*** Dataset records Section Begins ***

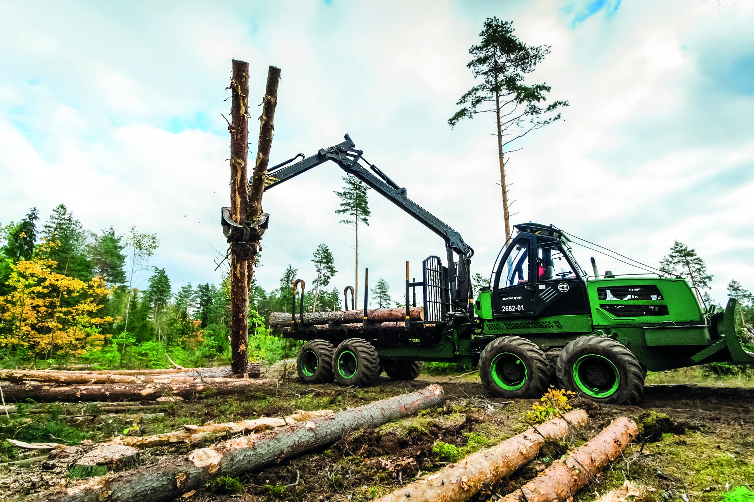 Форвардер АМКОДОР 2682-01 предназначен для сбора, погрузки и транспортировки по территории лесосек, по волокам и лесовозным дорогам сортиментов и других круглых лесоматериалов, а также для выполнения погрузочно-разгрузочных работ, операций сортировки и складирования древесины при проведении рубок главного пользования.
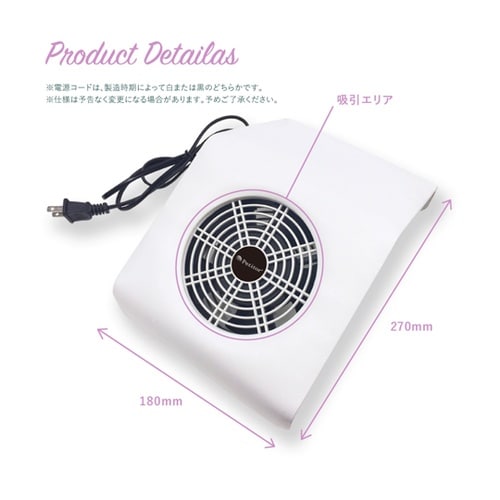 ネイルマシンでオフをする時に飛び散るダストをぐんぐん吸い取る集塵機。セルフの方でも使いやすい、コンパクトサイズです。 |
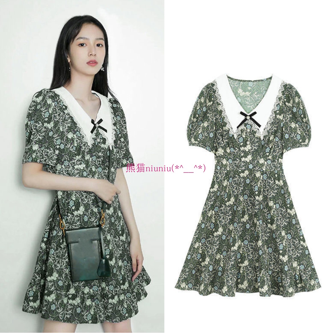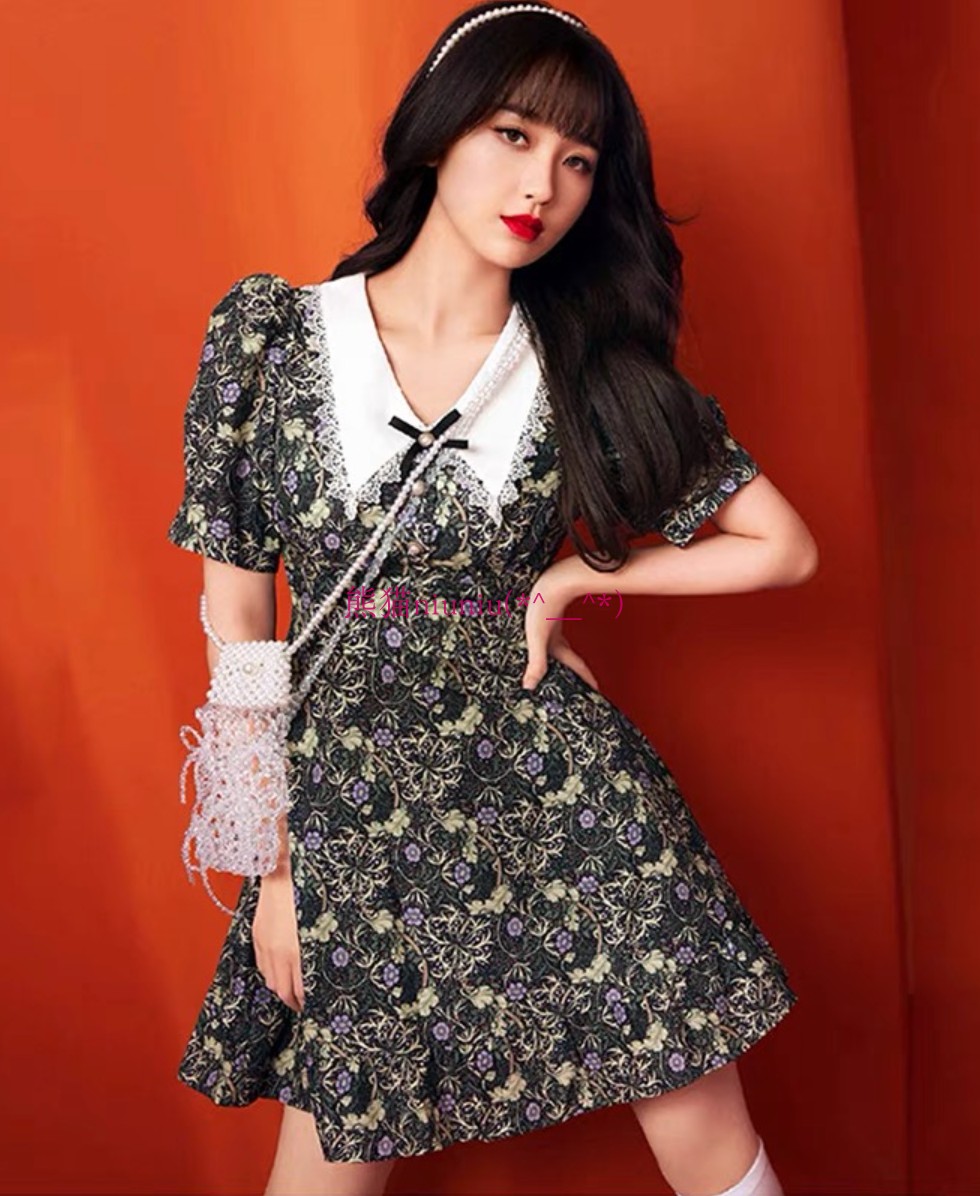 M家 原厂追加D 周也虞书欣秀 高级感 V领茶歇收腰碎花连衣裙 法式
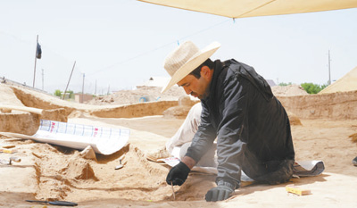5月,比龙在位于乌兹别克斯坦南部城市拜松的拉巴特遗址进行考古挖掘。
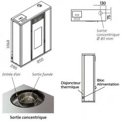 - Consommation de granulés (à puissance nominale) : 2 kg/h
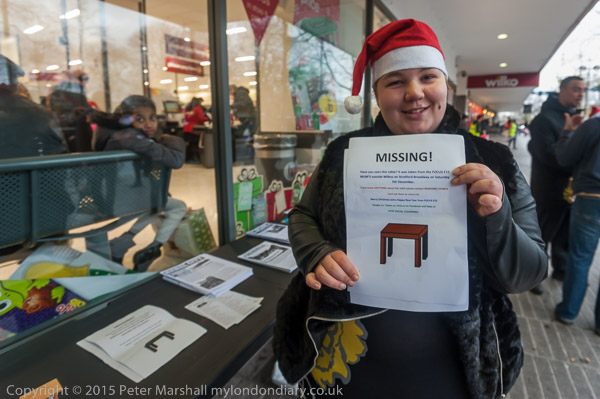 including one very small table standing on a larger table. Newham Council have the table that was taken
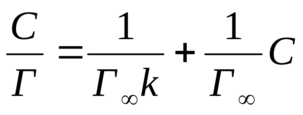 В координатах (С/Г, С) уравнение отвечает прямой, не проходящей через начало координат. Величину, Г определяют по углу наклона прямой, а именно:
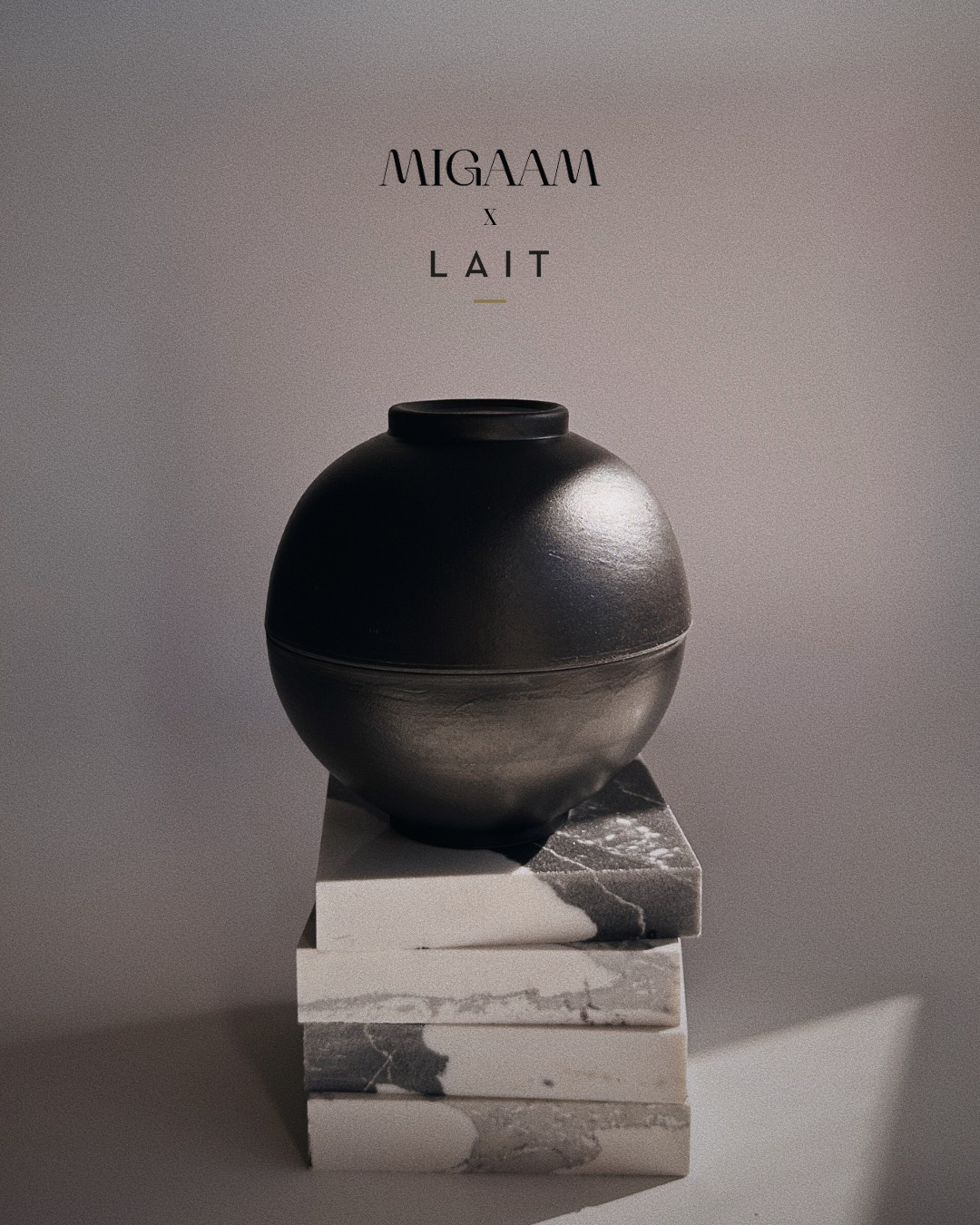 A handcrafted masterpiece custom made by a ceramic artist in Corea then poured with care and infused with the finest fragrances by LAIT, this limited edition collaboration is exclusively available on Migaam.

*** Dataset records Section Ends ***

Please give a word-for-word transcript of the lines from the one holding "including one very" through the final line of the entries, both ends kept, with no pictures.

 including one very small table standing on a larger table. Newham Council have the table that was taken
 В координатах (С/Г, С) уравнение отвечает прямой, не проходящей через начало координат. Величину, Г определяют по углу наклона прямой, а именно:
 A handcrafted masterpiece custom made by a ceramic artist in Corea then poured with care and infused with the finest fragrances by LAIT, this limited edition collaboration is exclusively available on Migaam.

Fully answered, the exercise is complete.